Iron is not efficiently absorbed: only 10% is absorbed, 1-2 mg per day. Half of the iron is lost in the intestine and half enters the circulation, bound to transferrin, thanks to which it is possible to bring iron to tissues. The tissue that uses the most (about 75%) is the bone marrow, but other tissues are also supplied (such as muscles, where it is needed for myoglobin; in the liver for cytochromes that serve not only for the transport chain but also to detoxify some substances; in the fetus in pregnant women).

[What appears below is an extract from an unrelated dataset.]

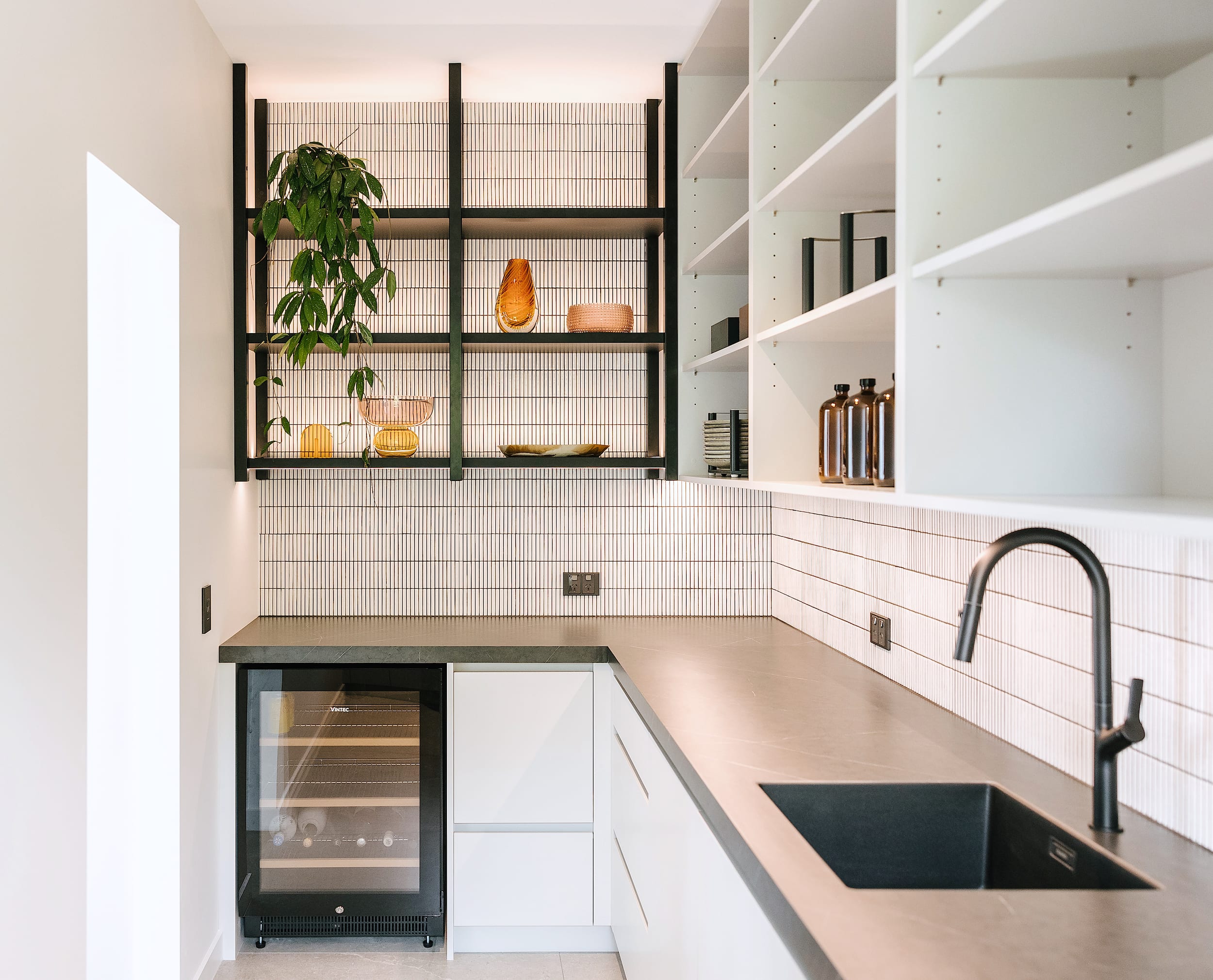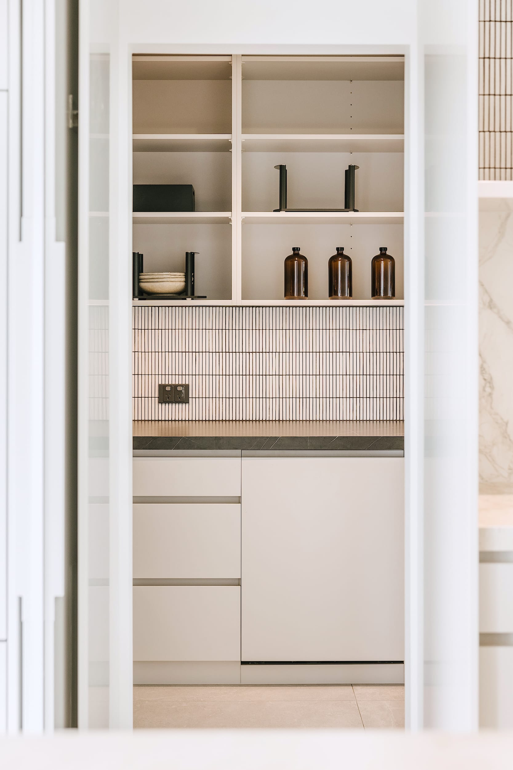 This was achieved through integrated appliances to limit their visual contribution and to rework the wall set out to allow pocket doors to give concealment to the scullery.
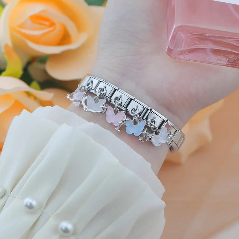 Our bracelets are made of 18 Charm links that expand & contract to suite your wrist perfectly. All of our Charms are compatible so you can easily add & remove links as you see fit.

Some of the iron is stored in ferritin, an intracellular protein. The amount of iron absorbed also depends on how much iron is taken in: higher intake leads to lower absorption. The problem is that we do not have an efficient system to eliminate iron: the only way is the desquamation of intestinal and skin epithelium in which ferritin with iron is found.
Iron Content
The human body contains 3-4 grams of iron, 2/3 of which is incorporated into the heme of hemoglobin, in erythrocytes. Erythrocytes live about 120 days; every day, some erythrocytes - containing about 20 mg of iron - are destroyed by the reticulo-endothelial system. Fortunately, all this iron is recovered to synthesize new erythrocytes; the only loss for males and females (post-menopause) is the one related to the desquamation mentioned before, which amounts to about 1-2mg per day. In women, there is a loss of iron during the menstrual cycle, and this justifies the lower content of iron in fertile women, so they will have a greater need for iron. Pregnant women also have a greater need for iron.
Biodistribution
In a man of about 60-70 kg, iron is present:
Ferrous iron and ferric iron
Iron is found in 2 forms: ferrous iron and ferric iron. The former is soluble at neutral pH and is the main form in which it is found in organisms; however, it is oxidized in muscles, rather than in red blood cells. Iron, in the 2+ form, binds O2, a potent oxidant. Hemoglobin and myoglobin frequently convert to beta-hemoglobin and beta-myoglobin (the forms that contain Fe3+). Meta-hemoglobin reductase and meta-myoglobin reductase reduce iron instead, turning it into the 2+ form.
As a dead organism stops, these enzymes also stop and, therefore, in the corpse iron is all in 3+ form. So there is a continuous alternation between the 2 forms; however ferrous iron is very toxic: if it reacts with oxygen, it can form superoxide anion, which turns into peroxide. In Fenton's reaction there is the reaction of ferrous ion with hydrogen peroxide: iron becomes ferric, giving an electron to hydrogen peroxide and breaking the bond, which forms a normal hydroxide (OH radical). A similar reaction occurs if instead of iron there is a superoxide anion: Haber-Weiss reaction. These are the 2 main reactions by which the production of very toxic radicals is triggered.
Iron deficiency/excess: effects
Both a deficiency and an excess of iron can be harmful. Iron can accumulate in the pituitary gland, damaging its cells and causing endocrinopathies, in the pancreas causing diabetes and pancreatitis, in the heart, in the skin, in the liver where it causes liver fibrosis leading to cirrhosis, in the testicle where it causes infertility, in the thyroid gland etc.
Even a deficiency of iron causes problems: one of the main is the sideropenic anemia; besides anemia there can be a reduced growth margin, reduced neuronal development, reduced resistance to infections because iron is involved in immune defense.
The iron contained in proteins is detached from them already in the stomach: the acid environment releases iron from organic complexes. The absorption of iron occurs in the duodenum, in the first part of the intestine. Iron arrives either as ferric iron, or as iron contained in the heme. At the level of the intestinal microvilli, ferric iron is reduced to ferrous (the only assimilable form). This reaction is catalyzed by an iron reductase called cytochrome B duodenal, while the electron donor is NADPH. In order for the reaction to take place, vitamin C is also needed, in addition to the acidic pH mentioned before. So anachloridia, rather than a mild scurvy, can cause a sideropenic anemia, because they decrease the amount of iron assimilated.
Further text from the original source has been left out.